Entries taken from a collection:
▼

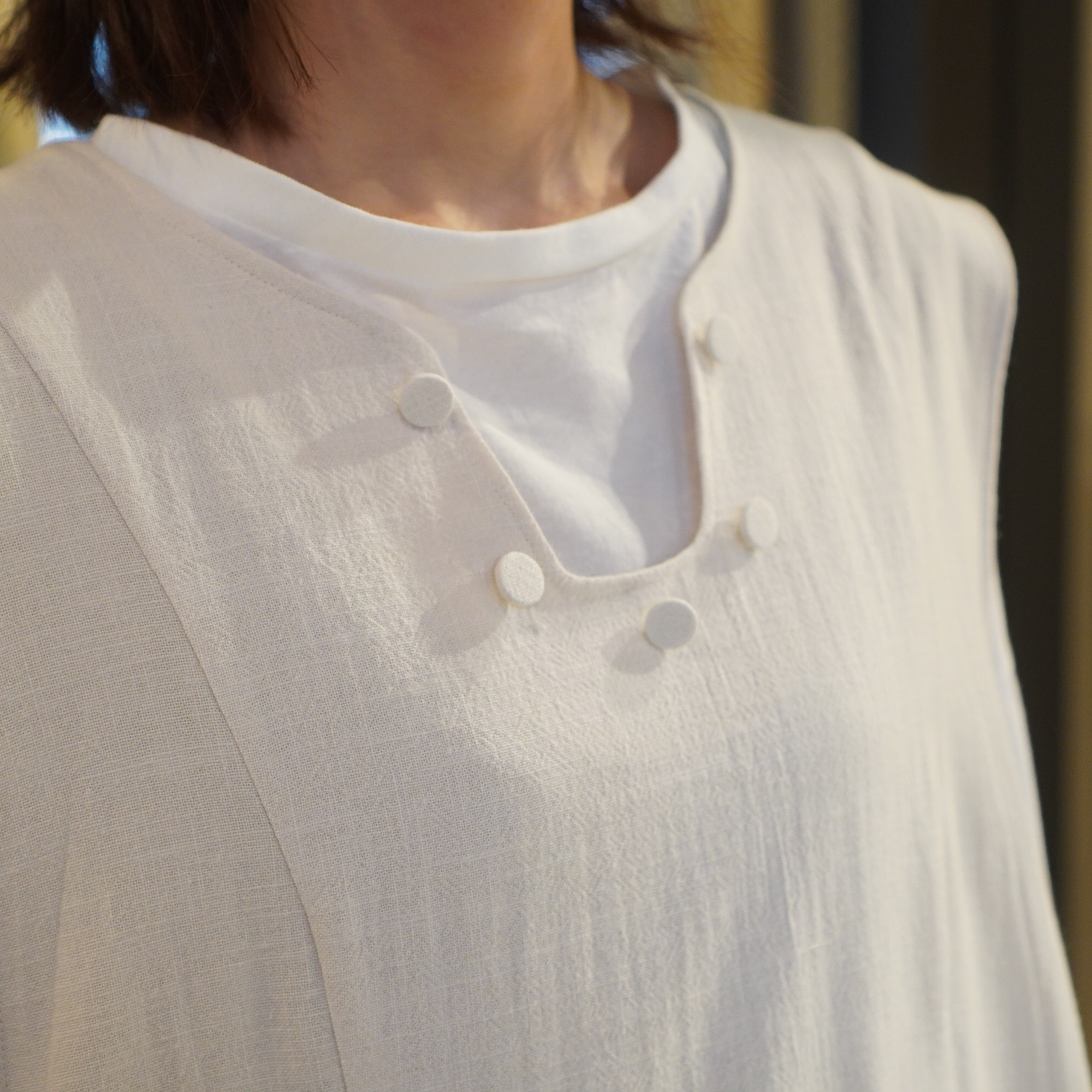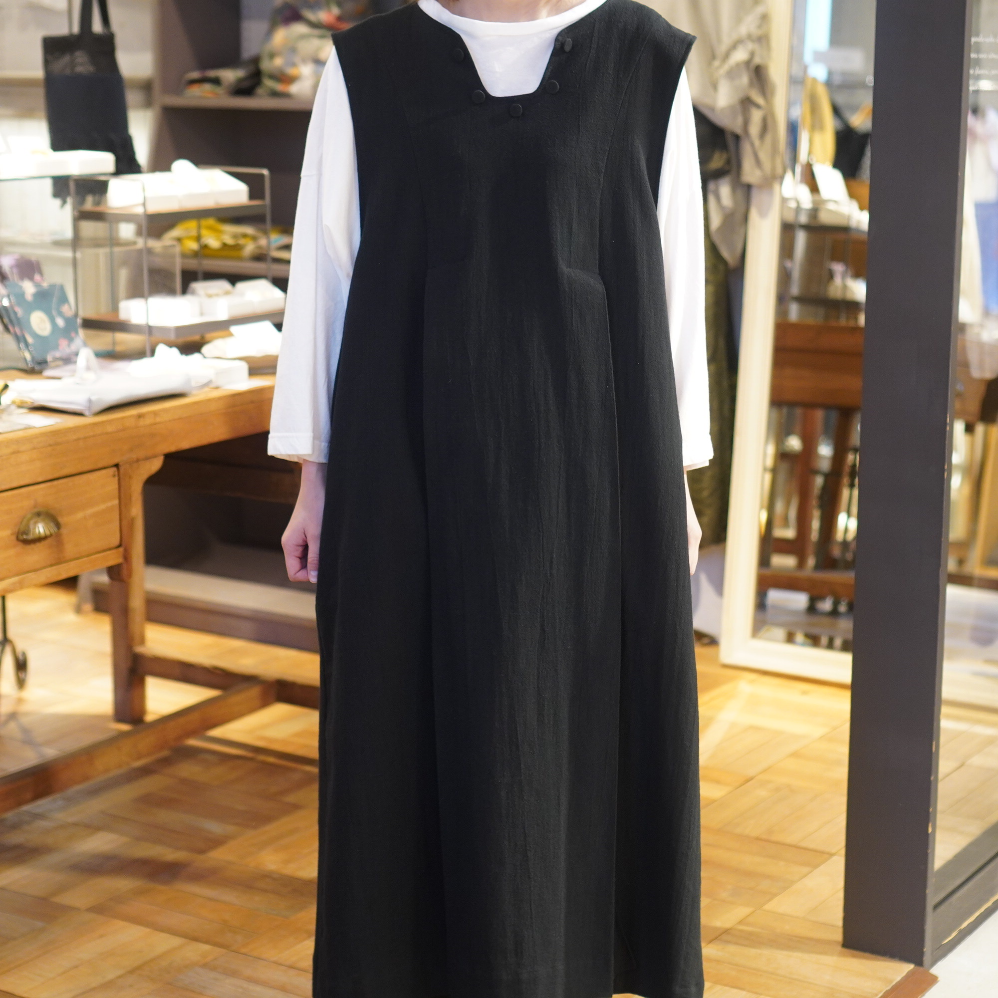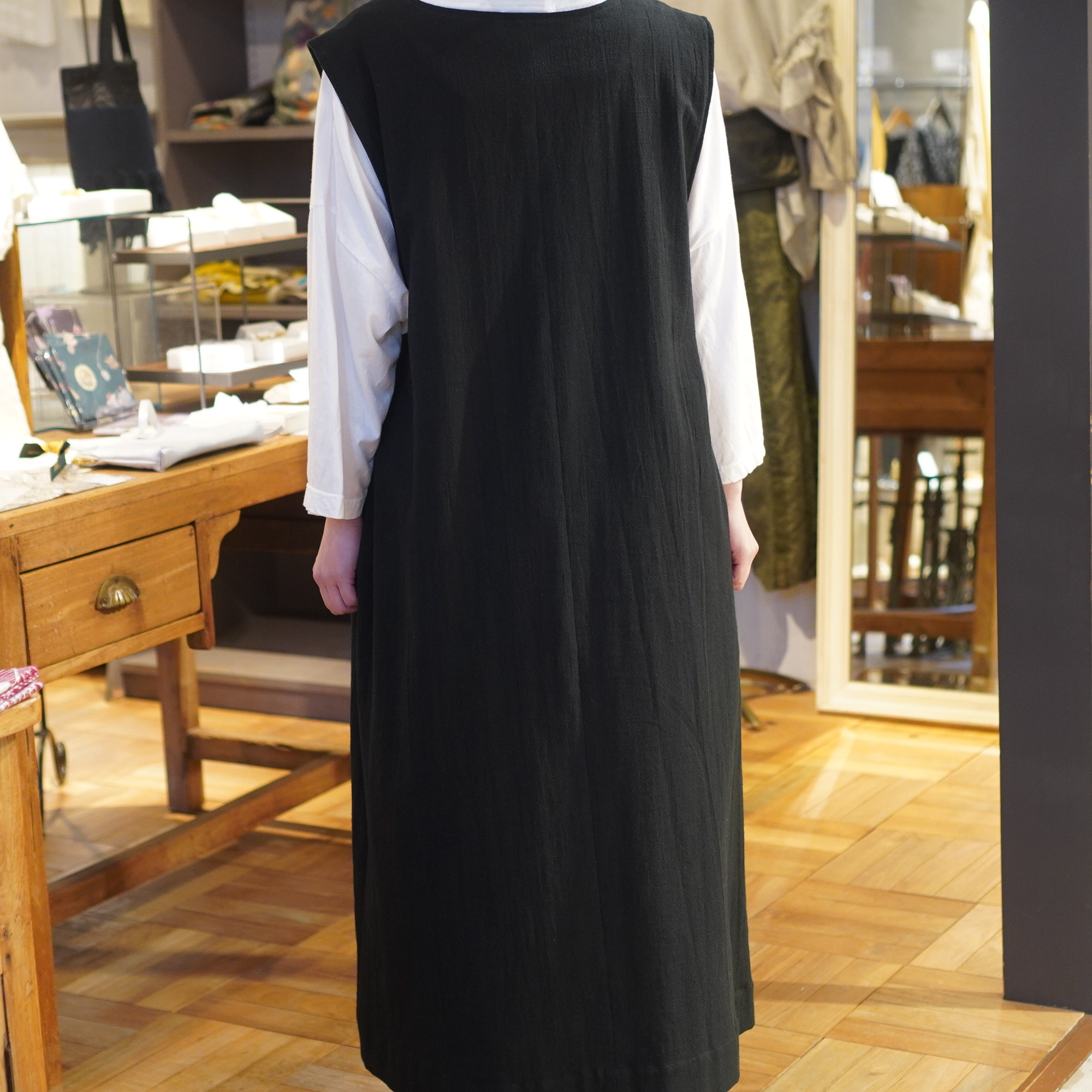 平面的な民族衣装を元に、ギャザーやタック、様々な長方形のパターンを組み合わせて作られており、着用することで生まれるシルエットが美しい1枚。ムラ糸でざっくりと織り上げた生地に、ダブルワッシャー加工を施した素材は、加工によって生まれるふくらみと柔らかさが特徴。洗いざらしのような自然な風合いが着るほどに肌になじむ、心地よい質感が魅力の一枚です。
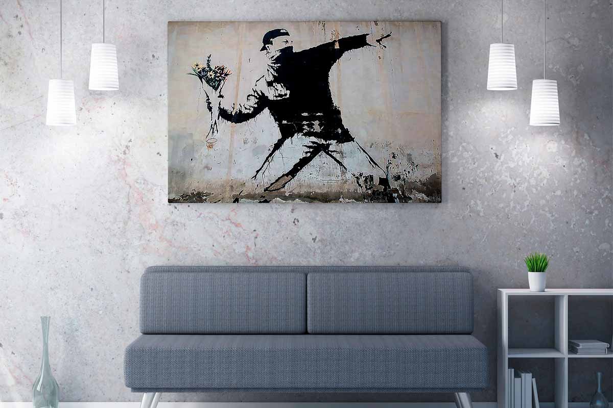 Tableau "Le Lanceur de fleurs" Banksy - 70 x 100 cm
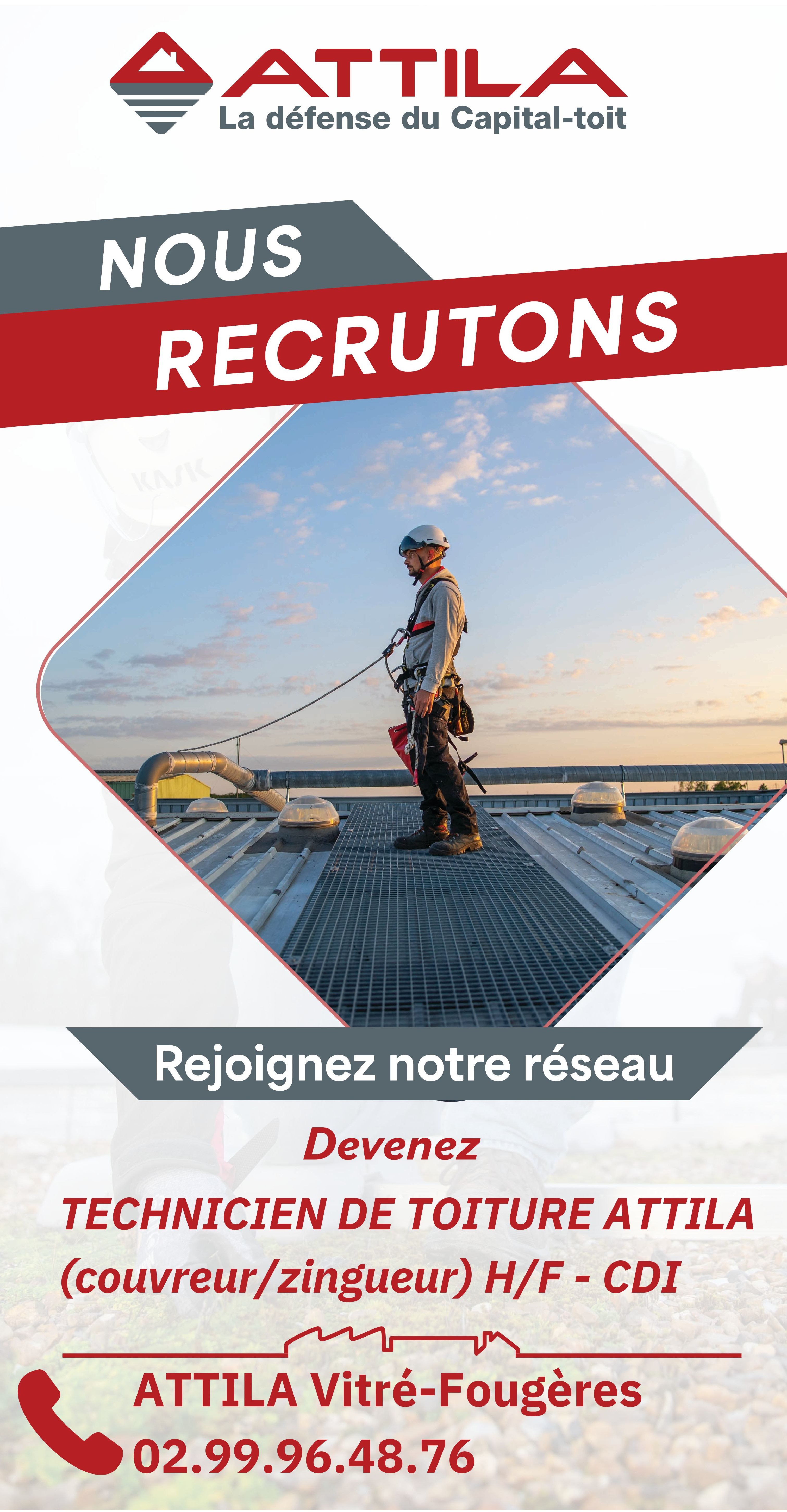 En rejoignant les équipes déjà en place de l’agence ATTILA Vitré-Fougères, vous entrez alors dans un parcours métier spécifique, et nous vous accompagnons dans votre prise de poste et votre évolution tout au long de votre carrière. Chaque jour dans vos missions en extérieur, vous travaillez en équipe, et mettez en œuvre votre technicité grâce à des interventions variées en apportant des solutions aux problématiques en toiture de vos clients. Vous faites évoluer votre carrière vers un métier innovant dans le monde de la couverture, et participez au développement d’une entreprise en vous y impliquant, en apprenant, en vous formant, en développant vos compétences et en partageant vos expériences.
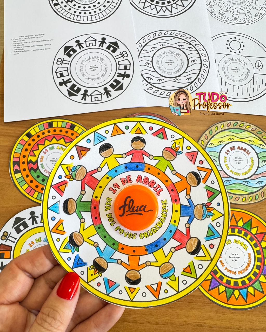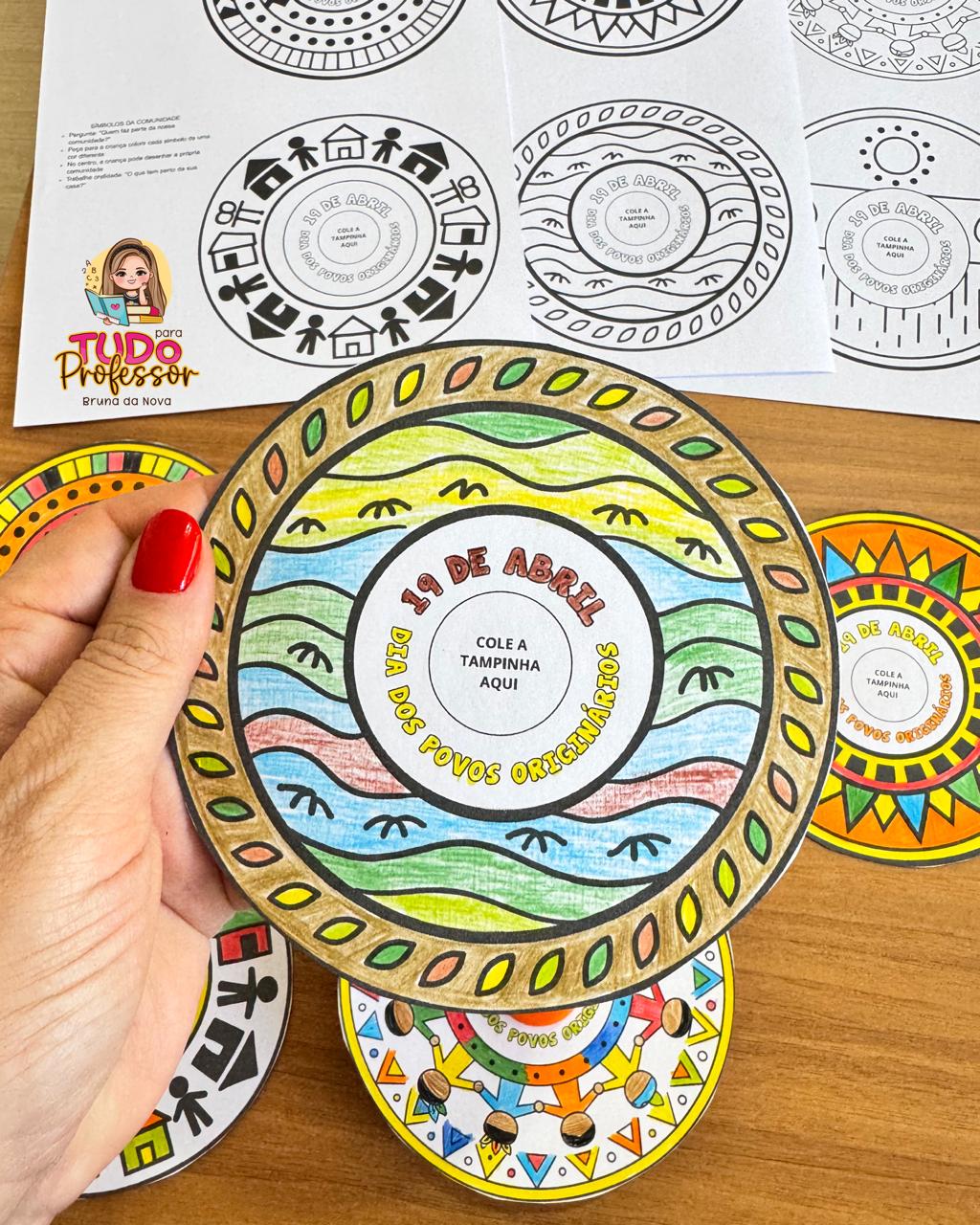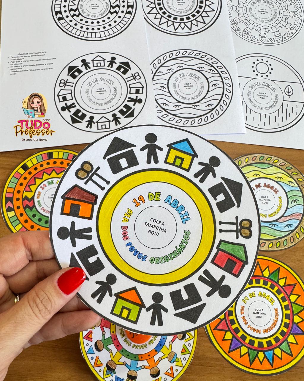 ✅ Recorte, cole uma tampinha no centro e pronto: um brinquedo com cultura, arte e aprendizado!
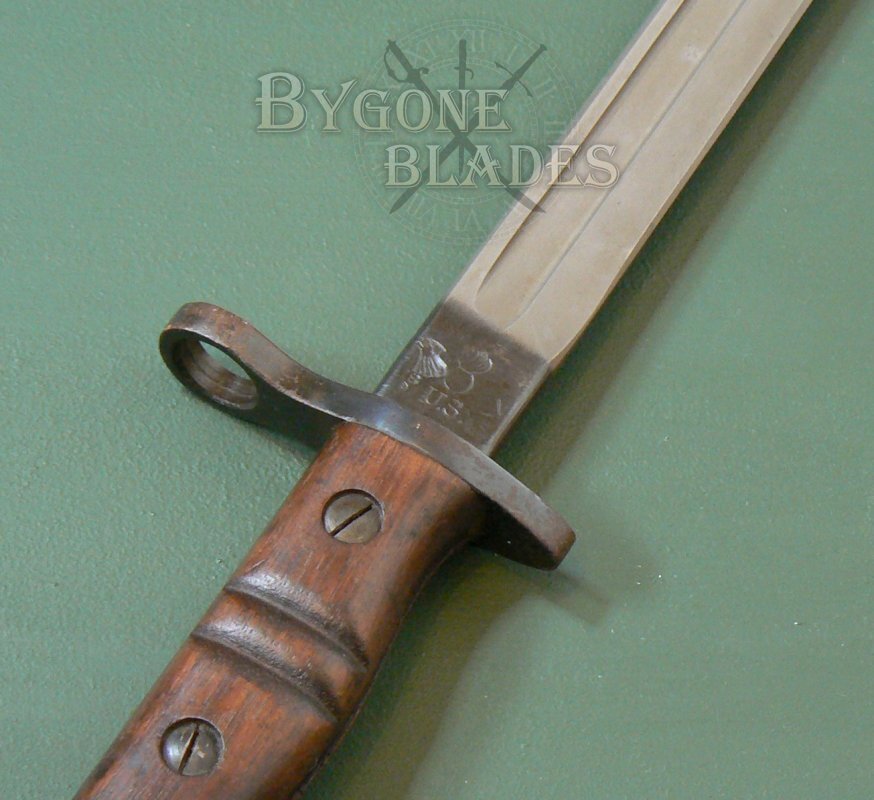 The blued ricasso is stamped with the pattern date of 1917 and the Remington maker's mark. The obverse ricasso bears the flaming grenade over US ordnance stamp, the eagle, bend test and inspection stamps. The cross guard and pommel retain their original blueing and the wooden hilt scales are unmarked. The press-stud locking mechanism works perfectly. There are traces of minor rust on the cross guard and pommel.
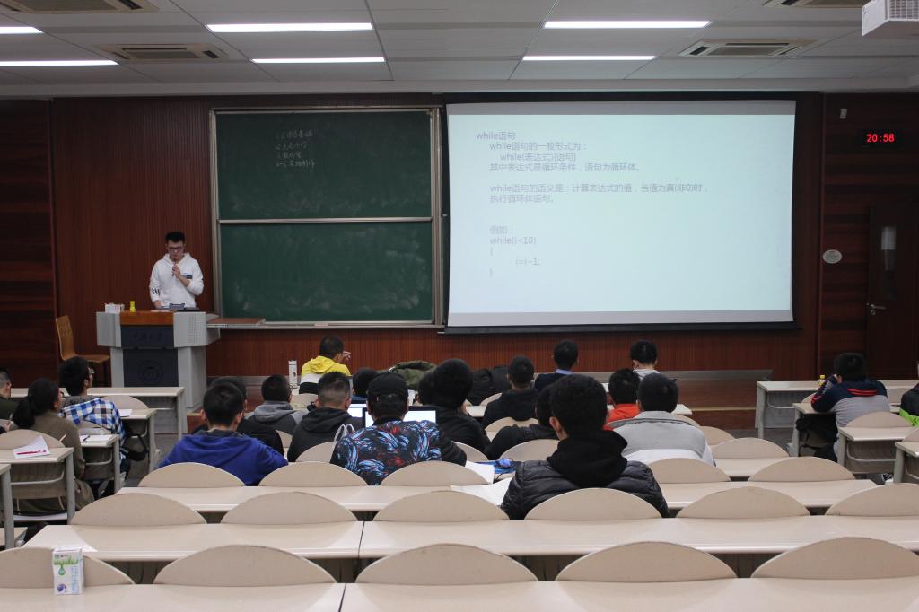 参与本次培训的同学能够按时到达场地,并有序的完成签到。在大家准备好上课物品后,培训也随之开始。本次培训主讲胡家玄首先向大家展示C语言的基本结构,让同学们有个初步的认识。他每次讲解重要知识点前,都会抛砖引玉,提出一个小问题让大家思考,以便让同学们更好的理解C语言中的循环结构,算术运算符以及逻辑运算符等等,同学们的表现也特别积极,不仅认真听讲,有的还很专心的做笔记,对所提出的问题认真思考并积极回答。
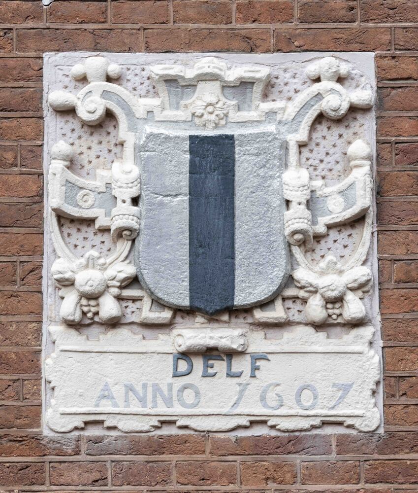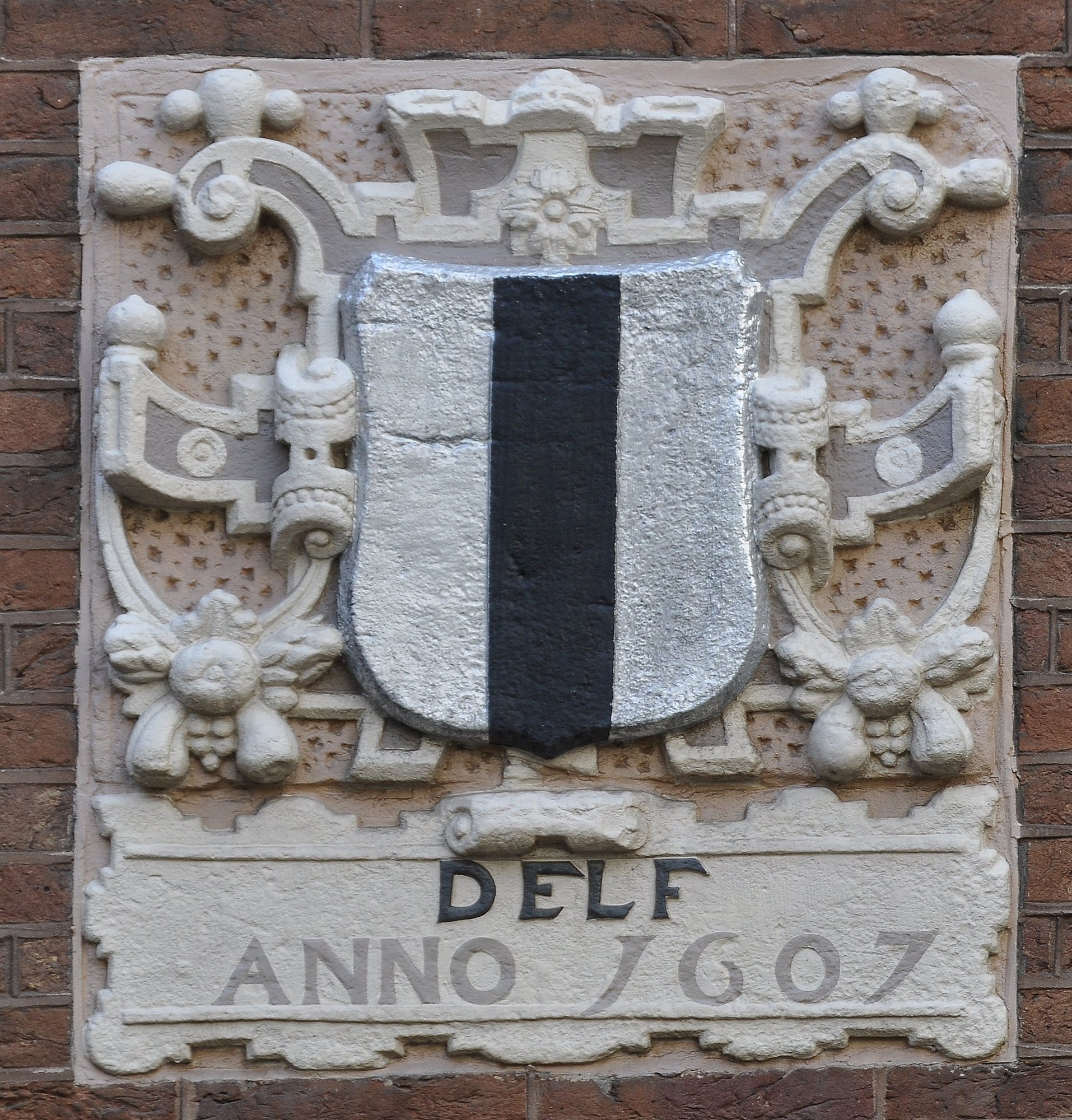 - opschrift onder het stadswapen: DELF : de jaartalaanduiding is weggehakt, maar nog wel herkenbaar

▲

Exercise:
Every record above must be copied exactly, and no picture may appear in the copy.

Answer to this task:
 平面的な民族衣装を元に、ギャザーやタック、様々な長方形のパターンを組み合わせて作られており、着用することで生まれるシルエットが美しい1枚。ムラ糸でざっくりと織り上げた生地に、ダブルワッシャー加工を施した素材は、加工によって生まれるふくらみと柔らかさが特徴。洗いざらしのような自然な風合いが着るほどに肌になじむ、心地よい質感が魅力の一枚です。
 Tableau "Le Lanceur de fleurs" Banksy - 70 x 100 cm
 En rejoignant les équipes déjà en place de l’agence ATTILA Vitré-Fougères, vous entrez alors dans un parcours métier spécifique, et nous vous accompagnons dans votre prise de poste et votre évolution tout au long de votre carrière. Chaque jour dans vos missions en extérieur, vous travaillez en équipe, et mettez en œuvre votre technicité grâce à des interventions variées en apportant des solutions aux problématiques en toiture de vos clients. Vous faites évoluer votre carrière vers un métier innovant dans le monde de la couverture, et participez au développement d’une entreprise en vous y impliquant, en apprenant, en vous formant, en développant vos compétences et en partageant vos expériences.
 ✅ Recorte, cole uma tampinha no centro e pronto: um brinquedo com cultura, arte e aprendizado!
 The blued ricasso is stamped with the pattern date of 1917 and the Remington maker's mark. The obverse ricasso bears the flaming grenade over US ordnance stamp, the eagle, bend test and inspection stamps. The cross guard and pommel retain their original blueing and the wooden hilt scales are unmarked. The press-stud locking mechanism works perfectly. There are traces of minor rust on the cross guard and pommel.
 参与本次培训的同学能够按时到达场地,并有序的完成签到。在大家准备好上课物品后,培训也随之开始。本次培训主讲胡家玄首先向大家展示C语言的基本结构,让同学们有个初步的认识。他每次讲解重要知识点前,都会抛砖引玉,提出一个小问题让大家思考,以便让同学们更好的理解C语言中的循环结构,算术运算符以及逻辑运算符等等,同学们的表现也特别积极,不仅认真听讲,有的还很专心的做笔记,对所提出的问题认真思考并积极回答。
 - opschrift onder het stadswapen: DELF : de jaartalaanduiding is weggehakt, maar nog wel herkenbaar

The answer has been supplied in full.